### Data for this exercise
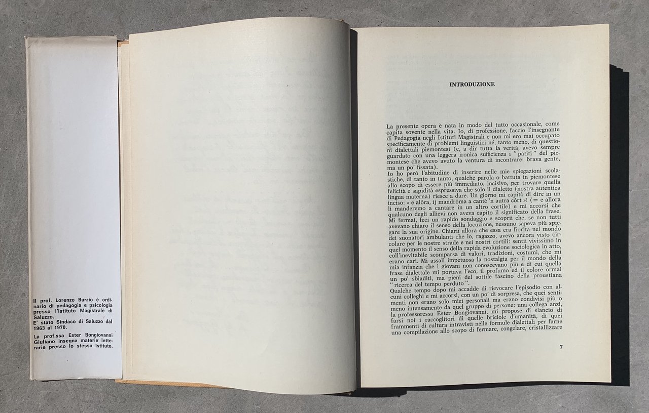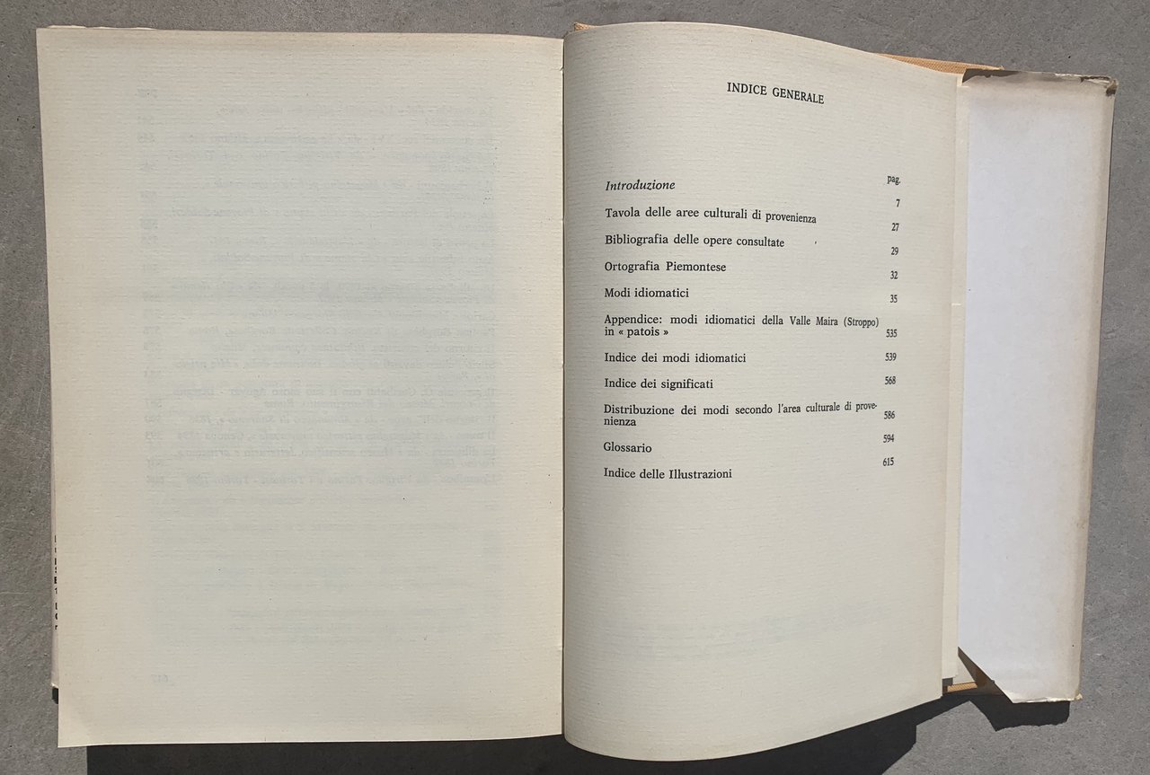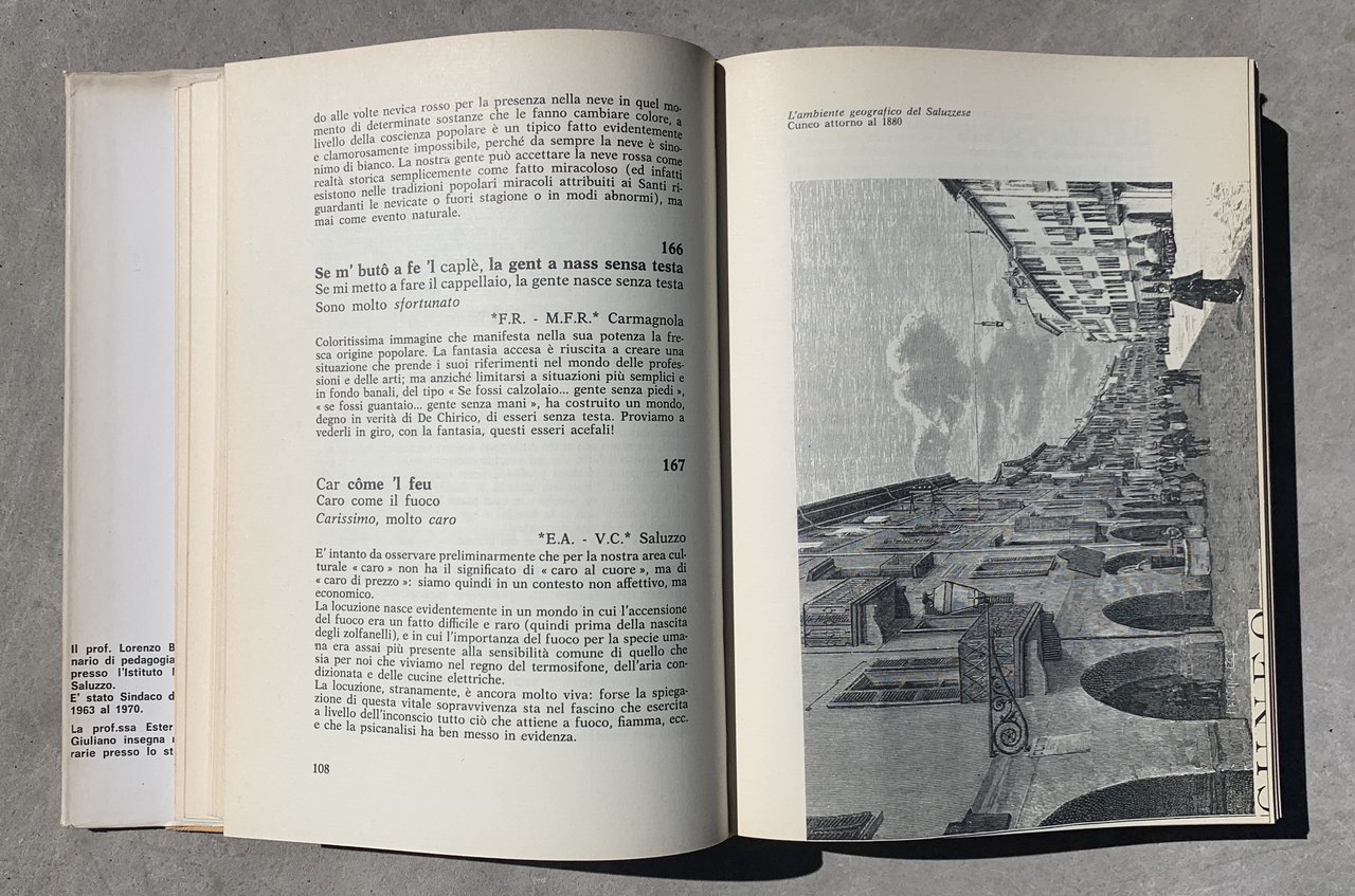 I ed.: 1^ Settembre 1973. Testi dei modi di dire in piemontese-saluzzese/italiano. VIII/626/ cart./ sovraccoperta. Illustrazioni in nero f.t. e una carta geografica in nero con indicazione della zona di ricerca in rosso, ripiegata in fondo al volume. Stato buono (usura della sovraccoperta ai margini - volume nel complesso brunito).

* * *

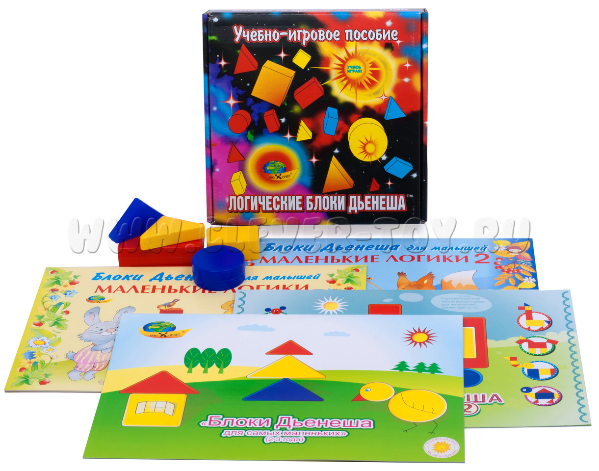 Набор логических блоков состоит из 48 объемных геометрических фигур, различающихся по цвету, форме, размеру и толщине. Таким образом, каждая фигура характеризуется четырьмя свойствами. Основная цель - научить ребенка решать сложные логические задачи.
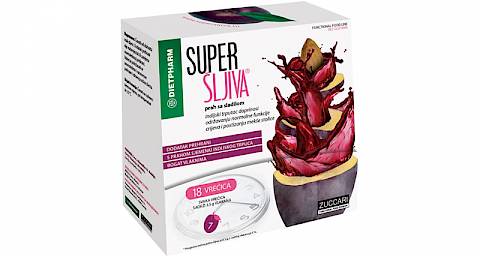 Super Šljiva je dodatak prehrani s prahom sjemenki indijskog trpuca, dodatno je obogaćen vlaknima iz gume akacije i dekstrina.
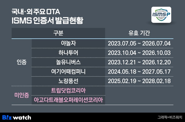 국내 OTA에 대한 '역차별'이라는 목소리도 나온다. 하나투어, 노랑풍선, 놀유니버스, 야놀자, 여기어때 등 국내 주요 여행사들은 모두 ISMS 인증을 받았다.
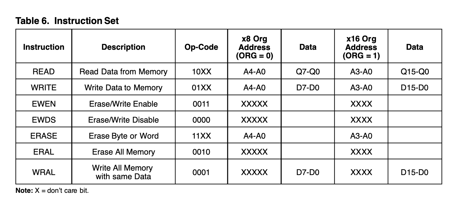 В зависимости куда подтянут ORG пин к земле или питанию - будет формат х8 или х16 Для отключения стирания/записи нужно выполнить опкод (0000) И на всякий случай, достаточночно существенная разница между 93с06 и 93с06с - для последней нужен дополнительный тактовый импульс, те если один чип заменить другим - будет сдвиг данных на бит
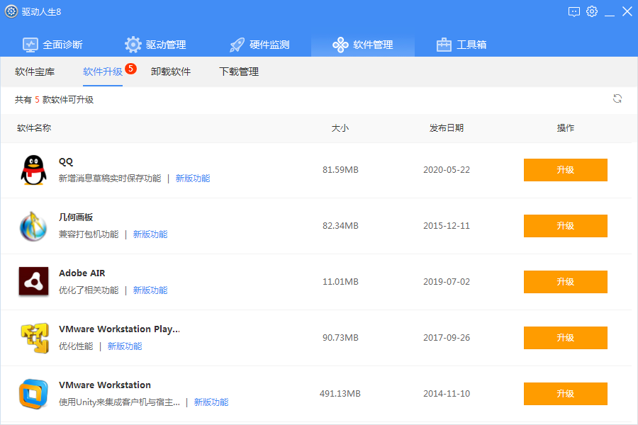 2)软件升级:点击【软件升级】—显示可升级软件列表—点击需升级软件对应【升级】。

### Task description
Above are records with pictures. Reproduce exactly only the lines from the line with "Super Šljiva je" through the line with "2)软件升级:点击【软件升级", both ends included, and leave the pictures out.

### Expected answer
 Super Šljiva je dodatak prehrani s prahom sjemenki indijskog trpuca, dodatno je obogaćen vlaknima iz gume akacije i dekstrina.
 국내 OTA에 대한 '역차별'이라는 목소리도 나온다. 하나투어, 노랑풍선, 놀유니버스, 야놀자, 여기어때 등 국내 주요 여행사들은 모두 ISMS 인증을 받았다.
 В зависимости куда подтянут ORG пин к земле или питанию - будет формат х8 или х16 Для отключения стирания/записи нужно выполнить опкод (0000) И на всякий случай, достаточночно существенная разница между 93с06 и 93с06с - для последней нужен дополнительный тактовый импульс, те если один чип заменить другим - будет сдвиг данных на бит
 2)软件升级:点击【软件升级】—显示可升级软件列表—点击需升级软件对应【升级】。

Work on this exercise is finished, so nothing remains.